Pointers to structures & Dereferencing
|> typedef struct {
|> int a;
|> int *p;
|> } A;
|>
|> typedef struct {
|> int s;
|> A *stptr;
|> } B;
|>
|> A *func1(int w);
|>
|> main()
|> {
|> A *Aptr;
|> B *Bptr;
|> Bptr = (B *)malloc(sizeof(B));
You need to #include <stdlib.h> to ensure malloc() is properly declared.
|> /* Defining an array of 10 pointers to struct A */
|> Bptr->stptr = (A *)malloc(10*sizeof(A *)); /* 1 */
Think about what you've declared; within B, you've declared stptr to be of
type pointer-to-A. But this isn't what you want. You want an array of
pointer-to-A, not an array of A. Rewrite B as
typedef struct {
int s;
A **stptr; /* stptr is of type pointer-to-pointer-to-A */
Quote:
} B;
and then rewrite the above statement as
Bptr->stptr = malloc(10 * sizeof (A *));
(Note that if <stdlib.h> has been properly #included, casting the return
value of malloc() is not necessary, and indeed, discouraged.)

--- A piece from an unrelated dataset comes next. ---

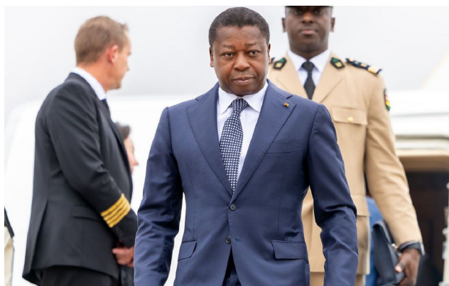
Président du conseil

Lomé, 14 oct. (ATOP) - Des chefs d'Etat et de gouvernement, parties prenantes au processus d'Aqaba, une initiative anti-terroriste lancée en 2015, se réunissent le mardi 15 octobre à Rome (Italie), pour un sommet sur la crise sécuritaire en Afrique de l'Ouest. Le Président du Conseil, Faure Gnassingbé, prend part aux travaux de ce sommet de haut niveau, selon un communiqué de la présidence du conseil.
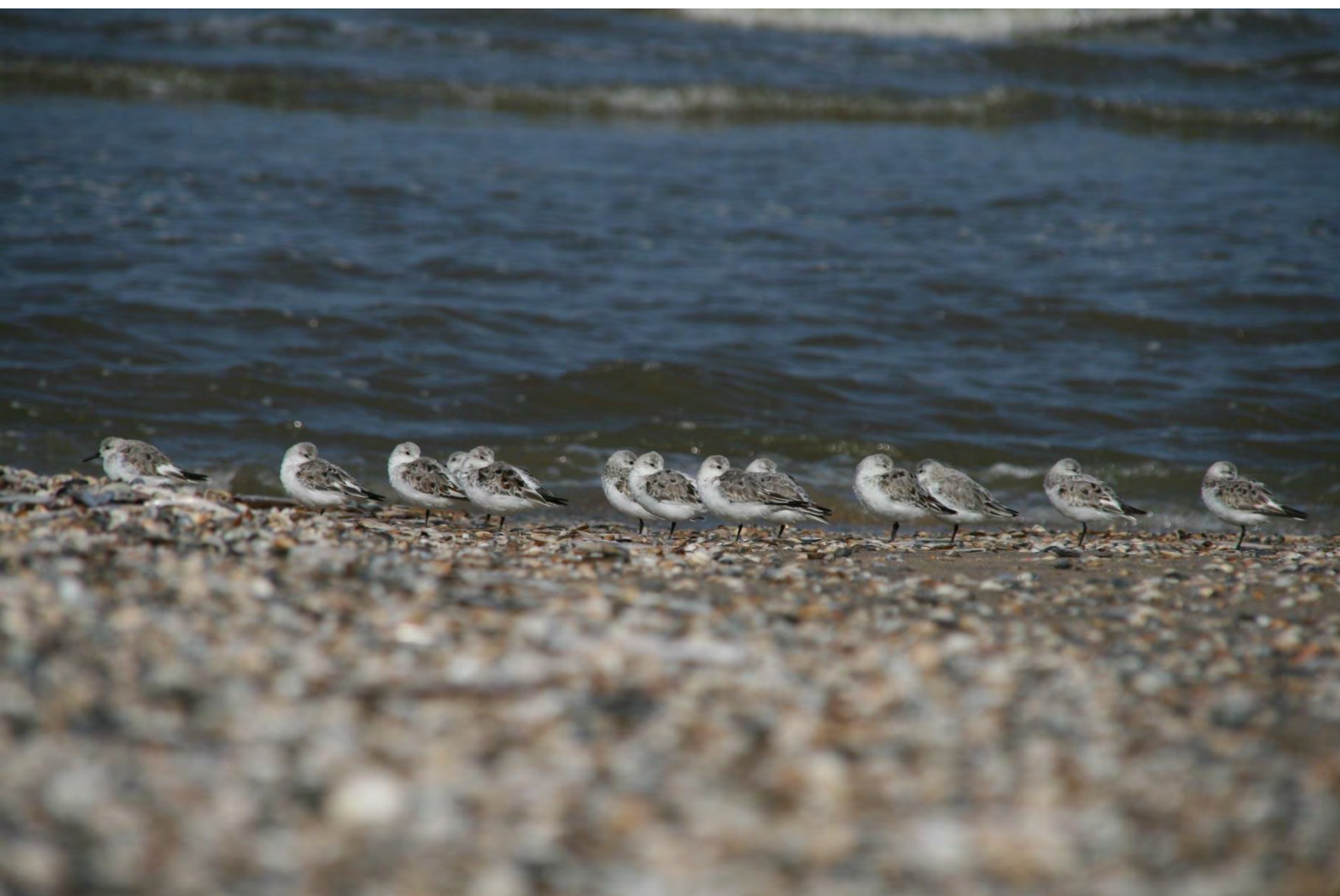
Drieteen Strandlopers 24 april strand Noordvoort

|> I am having trouble in accessing the "stptr" array inside struct B.
|> I was under impression that I can access the elements pointer to by
|> stptr as array elements but I have compilation problems. This is what I
|> do
|>
|> Bptr->stptr[0] = func1(w);
Again, your declaration of stptr was incorrect. Originally, as a pointer-to
A, stptr[0] is of type A. Once you add the extra level of indirection,
stptr[0] is of type (A *), which is what you want.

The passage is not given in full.